2. Rest your chin on the floor with arms at the sides. The heels and toes must be held together.
3. Inhale and lift both the legs above the floor. While lifting the legs, pressure must be applied on the fists.
4. Maintain this position for a few seconds and come back to the original position.
5. Relax and feel the stretch on the muscles of the back.
Note
Always use a yoga mat for sitting postures.
Yogic Breathing for Diabetes
All life is energy or prana, which descends into the human body in a rhythm. It is this life force that makes our heart beat and energizes the various systems and organs of our body.
Through pranayama, this prana can be controlled. The vital force and life currents within the body are controlled through pranayama. This flow of energy helps to do away with the diseases and toxins in the body.

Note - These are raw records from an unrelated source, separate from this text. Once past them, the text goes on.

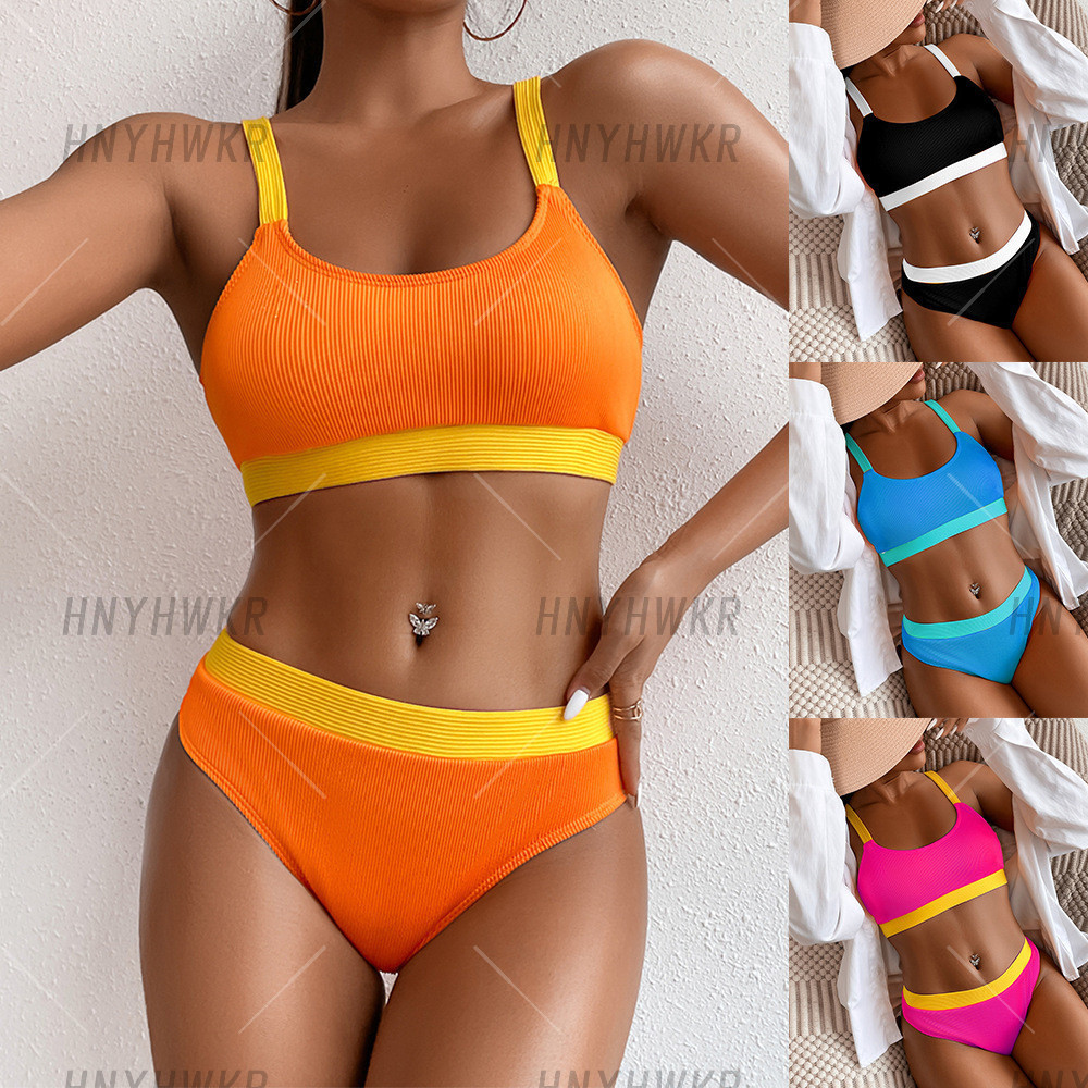 2025 novo estilo biquíni conjunto de duas peças de alta qualidade cintura alta fresco europeu americano senhoras roupa d
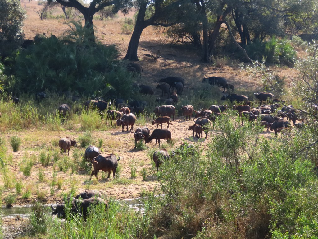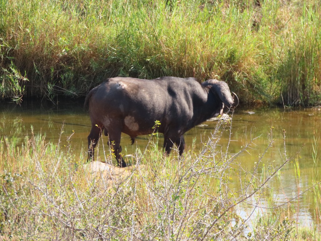 The benefit of going to the Kruger with an experienced guide was very evident at the Buffalo sighting crossing the remnants of what is left of the Timbavati River. At this time of year water is scarce so the waterholes are often teeming with wildlife. I spotted a number of Pied Kingfishers that were hovering above the Buffaloes every time they started to cross the water. Sam indicated that it is because of the Symbiotic relationship between Kingfishers and Buffaloes. When the Buffaloes start to cross the river they disturb the fish that might be hiding, that then gives the Kingfishers the opportunity to literrally dive in! When you study Nature Guiding Symbiotic Relationships are discussed all the time and this was an example of Commensalism that I have never see in real live. Nature is just fascinating!
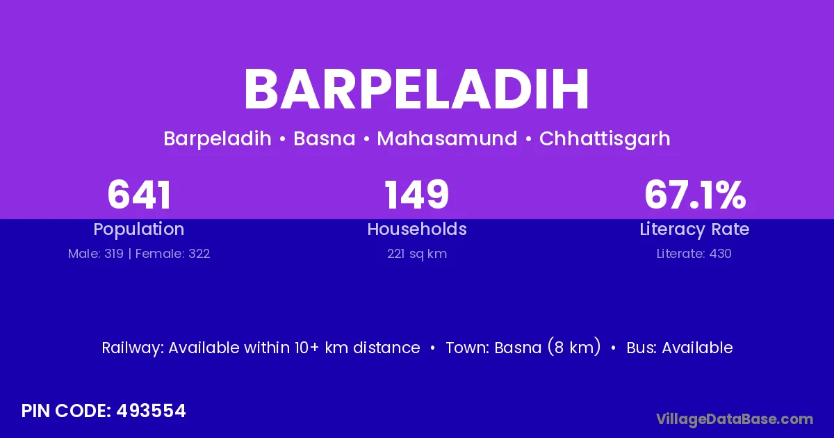 Basna (8 km) is the nearest town to Barpeladih village for major economic activities and is located approximately 8 km away.

Bahya Pranayama or External Kumbakha
Kumbakha is the retention of breath. In this pranayama, the breath is retained outside for a longer duration than inhalation and exhalation. The ratio of inhalation, exhalation and retention is 3: 6:12
Steps
1. Sit in a cross-legged position.
2. Inhale through the left nostril, by closing the right to the count of 3.
3. Immediately exhale through the right nostril to the count of 6.
4. Retain the breath outside or in other words remain breathless to the count of 12.
5. Repeat the pranayama with the same count from the right nostril.
Period of Meditation
Steps
1. Sit in a comfortable position and close your eyes.
2. Mentally chant 'Om' and concentrate on the sound. Thoughts would rush in endlessly, but attention should be focused on the chant.
3. Do this till a feeling of peace envelopes you.